# Classifieds > Testimonials >  reptilestogo.com?

## exoticleps

Anyone deal with them? Im starting to wonder if I made mistake. poor communication, more like lack of.

----------


## exoticleps

I have since opened a dispute through paypal with them. David Barkasy ( owner of reptilestogo.com) Florida. He will not return my phone calls, or emails. The past 2 days when I called I get a recording that the call cannot go through due to equipment problems??? 
I ordered some frogs that were said to be in stock, but were not. It seems the website is not updated, from the little I did speak to him. Not as the items just sold out. Now he's silent and wont refund as requested.

very poor experience as a newbie to the trade... I'll be sticking to shows and big name online shops from now on.

This kind of behavior makes one wonder how people stay in business???

----------


## Heather

I'm sorry to hear that  :Frown: . 

A good thing to do is go to the reptile shows. It gives you a chance to speak with the breeders and choose which frog(s) are best for you. 

In the spring a few if us moderators and members will be going to the show in White Plains and the one in Hamburg, PA. Feel free to join us.

----------


## exoticleps

Thanks, I have family in Hamburg and plan on attending the feb 22nd show. Its amazing how quickly reptilestogo has responded now that I opened a claim against them on paypal. Why does it take a frozen paypal account to get someones attention?! I guess my $120 worth of business wasn't enough for him. Now he lost my future business a possibly others business from folks here.

----------


## Lynn

Over the summer, I had decided to search for a _sexed_ pair of pumilio.
I was going back and forth for a month or so,  between 3 breeders ( all of whom have excellent reputations)
ALL were responsive and engaged every question I had, even AFTER not getting the sale.

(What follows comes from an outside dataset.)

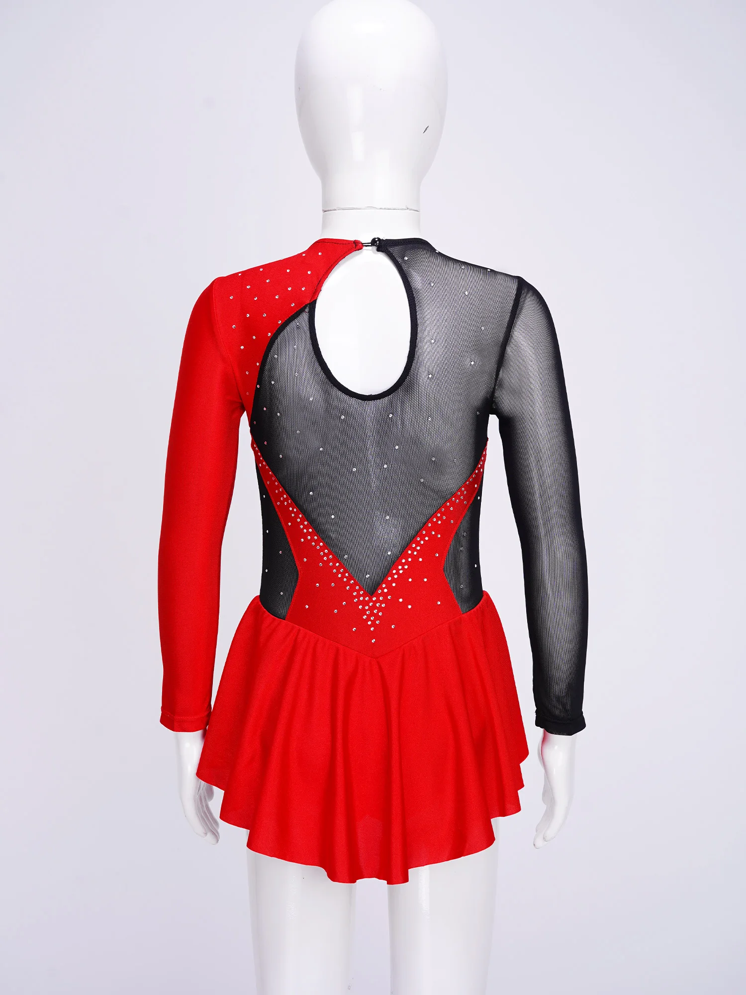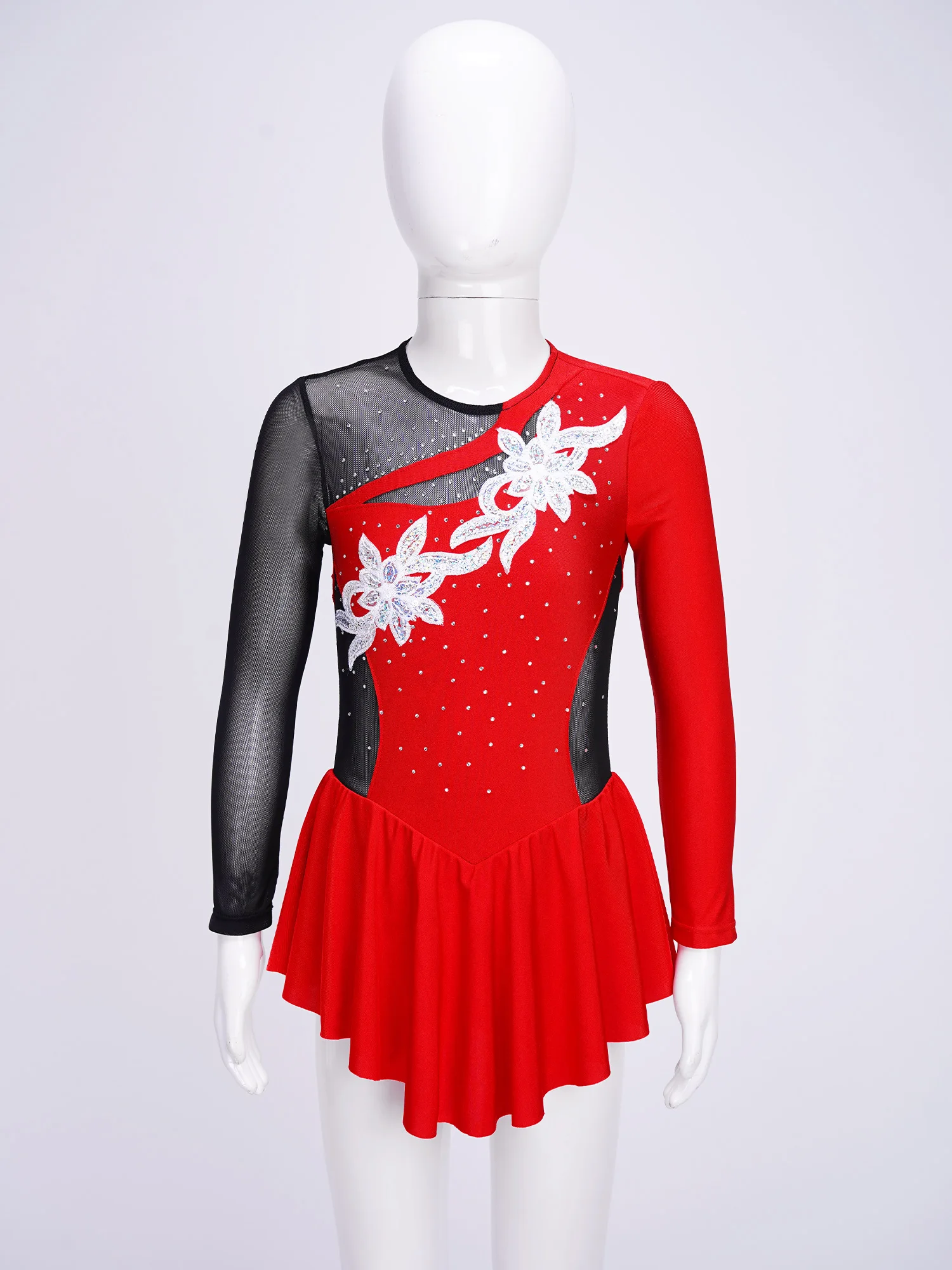 Name | Girls Ballet Leotard Dress Kids Rhinestone Long Sleeves Gymnastics Figure Skating Dress Stage Performance Competition Dancewear |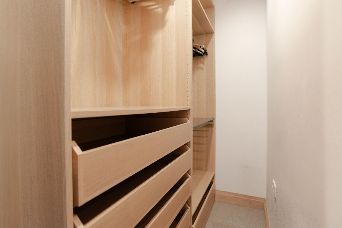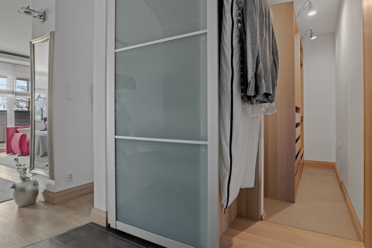 * ukrytą garderobę.

A good breeder, a caring breeder, will take a _protective_ approach to the sale of their frogs.

A reputable breeder will be asking---- the BUYER ----the questions. 
They are truly interested in where their frogs are going  :Smile: 

If you ordered a 'live' animal cancel- if possible ?
It's going to be cold the rest of this week! This just makes delivery ( not impossible if done right) but more difficult.

ALWAYS have a live animal shipped- overnight- to your nearest FedEx hub so you can get there in the AM to pick it up personally.

Heath is right---you will really enjoy the Hamburg show.

HAMBURG - Hamburg Reptile Show | Northwestern Berks Reptile Show

You can contact most of the vendors ahead of time to make arrangements/ put a hold on your 'frog'.
You'll have plenty of time to prepare a _proper ride home_, etc.

Just wondering ....what kind of frog are you looking for ? Heather and I may be able to help you out w/ breeder info?

Best, Lynn

----------